Deploy an Analytics Platform for Informatica IDMC on Oracle Cloud

The partnership between Oracle and Informatica brings together two industry-leaders in database and data management to deliver a comprehensive enterprise data warehouse and lakehouse ecosystem.

This reference architecture shows how the Informatica IDMC Secure Agent operates in Oracle Cloud Infrastructure (OCI). Data can be exported from a wide range of on-premises and cloud sources by using any of over 300 connectors and then imported into an Oracle Autonomous Database to be consumed by either analytics or data science processes.

Without this integration, we can access actionable information from our application data (for example Oracle E-Business Suite) but we cannot enrich this with other sources of data to unlock valuable insight. It is also not good practice to run analytical workloads on operational systems.

This reference architecture positions the technology solution within the overall business context:



The integration provides an analytical platform where application data containing a record of interactions is combined with other sets of curated data in the management layer and is refined into actionable information and insight in the exploitation layer.

Architecture

This reference architecture shows how the Informatica IDMC Secure Agent operates in Oracle Cloud Infrastructure (OCI). Data is exported from on-premises and cloud-based enterprise applications, files, object stores, and databases and is then imported into Oracle Autonomous Database to be consumed by either analytics or data science processes.

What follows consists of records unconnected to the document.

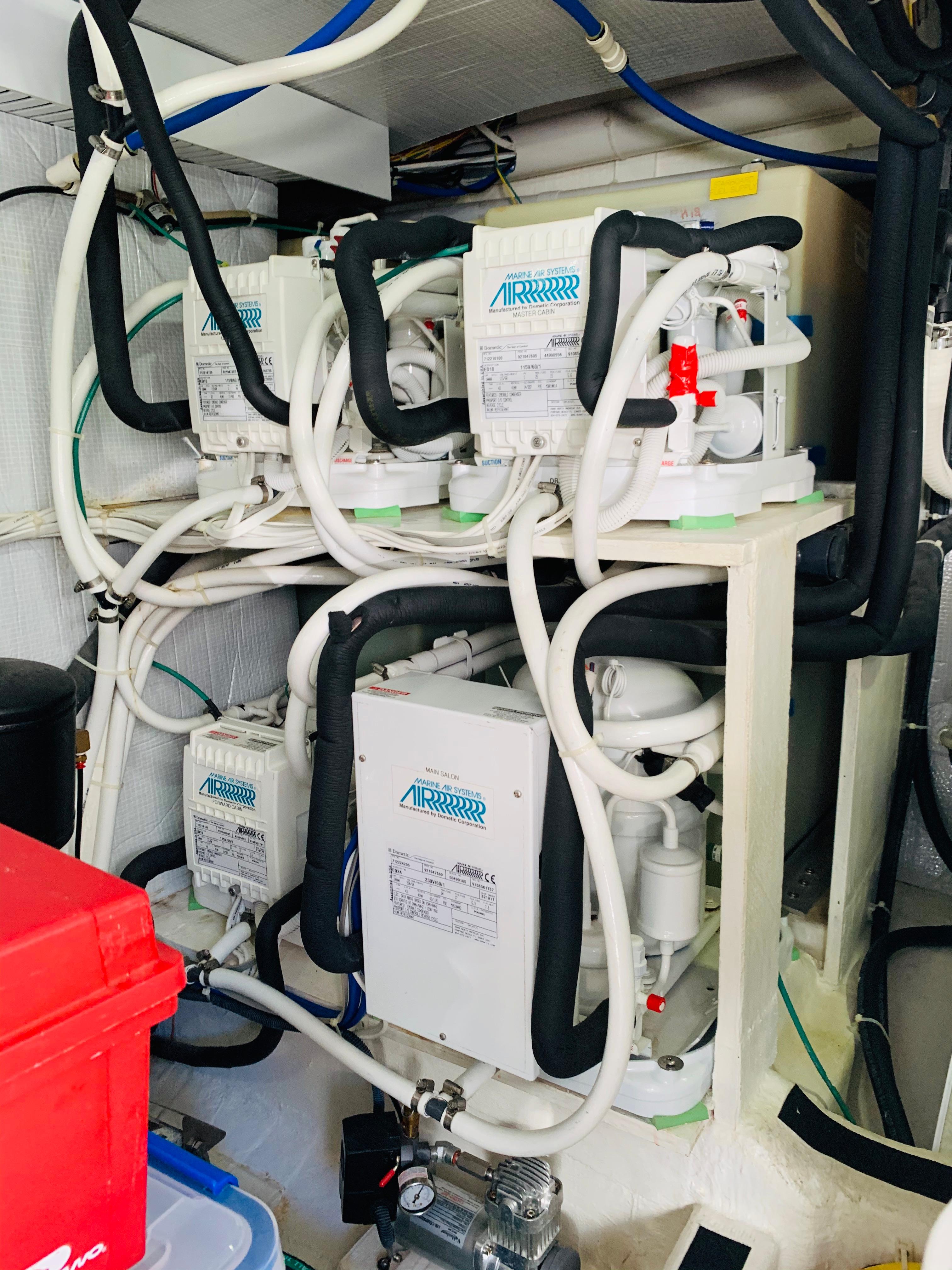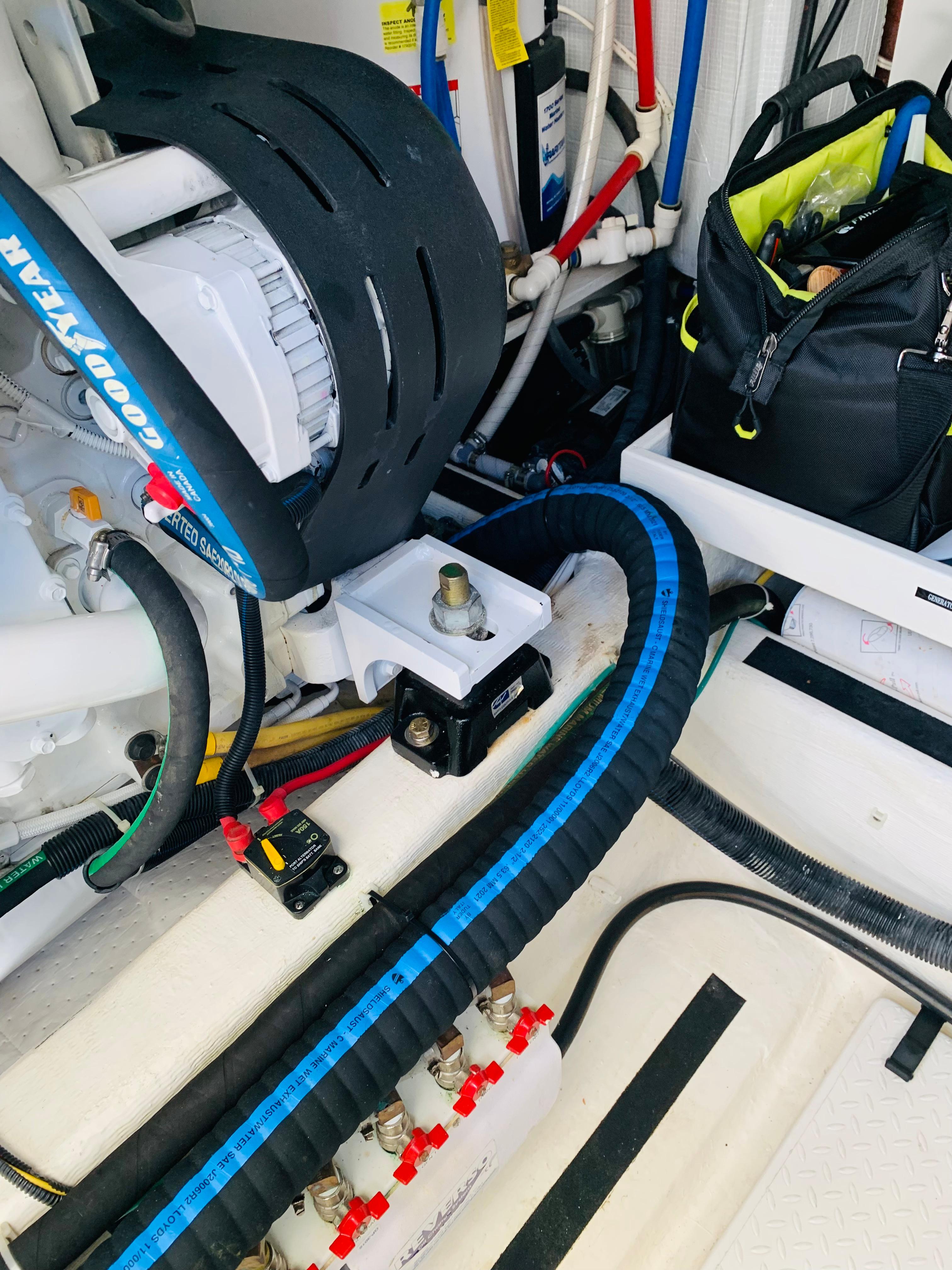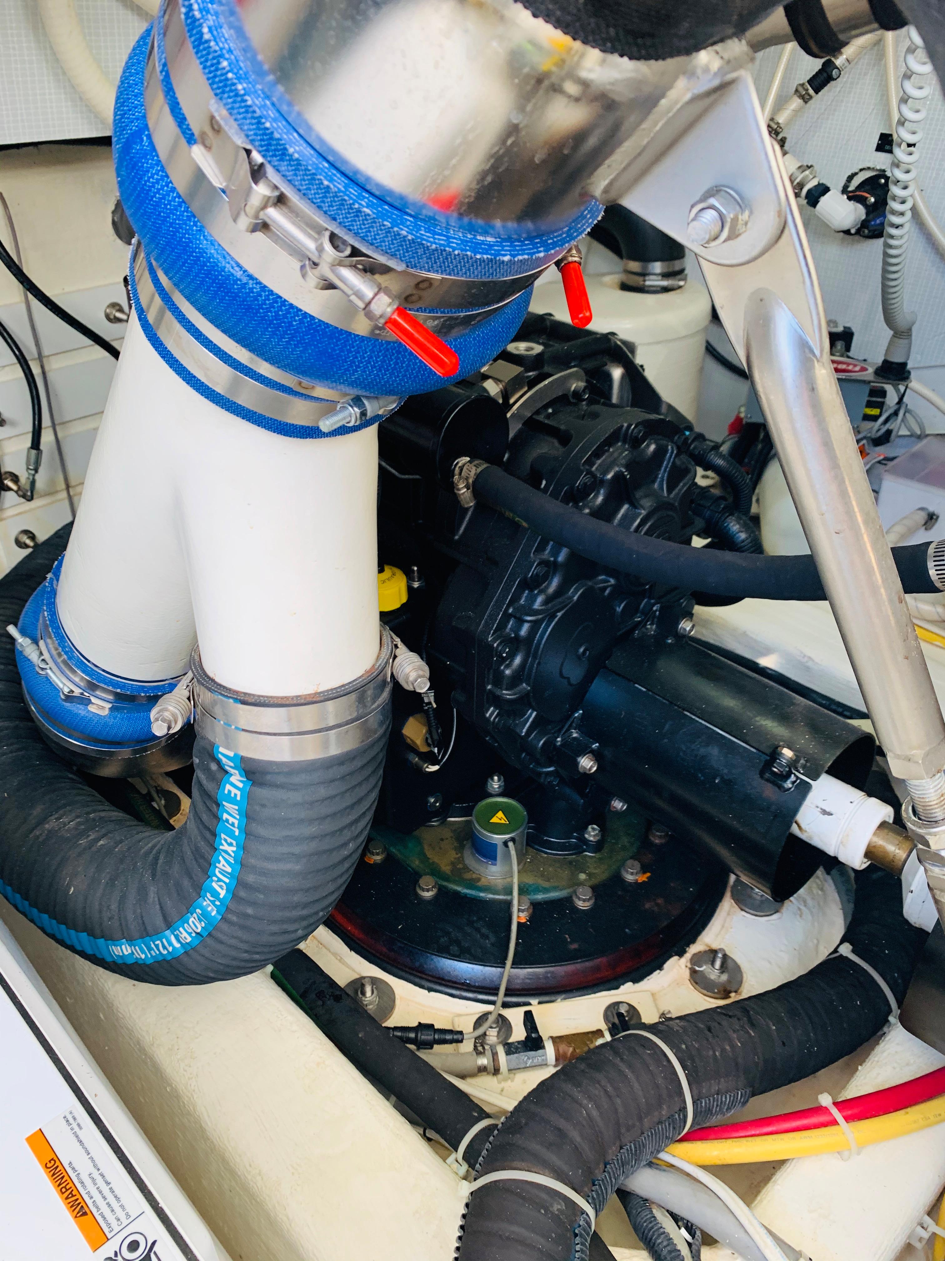• Onan 11.5 kw generator including: interface to Cummins Vessel View display, dedicated start battery, water lift muffler, cooling water intake strainer, sound shield, transfer switch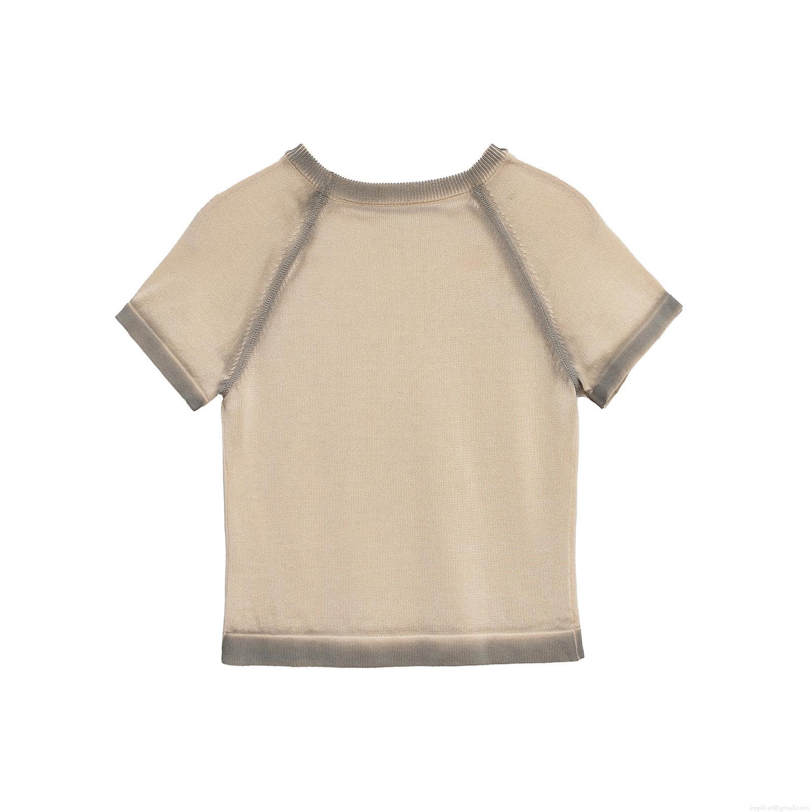Women's Casual Polyester Knit T-Shirt Short Sleeve Round Neck Contrast Trim Gradient Streetwear Top Summer Fashion Tee for Lady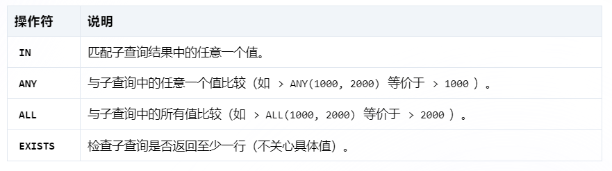 • 多行子查询:返回 多行一列 的结果, 不能使用单值比较符操作,可以使用 in,any,all,exists 来查询。

The following diagram is a functional representation of the reference architecture.



informatica-oci-oracle.zip

In general, the architecture includes the following logical divisions. This reference architecture focuses on the data refinery and data persistence architecture components:

  • Ingest, Transform

    Ingests and refines the data for use in each of the data layers in the architecture.

  • Persist, Curate, Create

    Facilitates access and navigation of the data to show the current and historical business view. It contains both raw data as well as granular and aggregated curated data. For relational technologies, data may be logical or physically structured in simple relational, longitudinal, dimensional or OLAP forms. For non-relational data, this layer contains one or more pools of data, either output from an analytical process or data optimized for a specific analytical task.

    Oracle Autonomous Data Warehouse is a self-driving, self-securing, self-repairing database service that is optimized for data warehousing workloads. You do not need to configure or manage any hardware, or install any software. Oracle Cloud Infrastructure handles creating the database, as well as backing up, patching, upgrading, and tuning the database.

  • Analyze, Learn, Predict

    Abstracts the logical business view of the data for the consumers. This abstraction facilitates agile approaches to development, migration to the target architecture, and the provision of a single reporting layer from multiple federated sources.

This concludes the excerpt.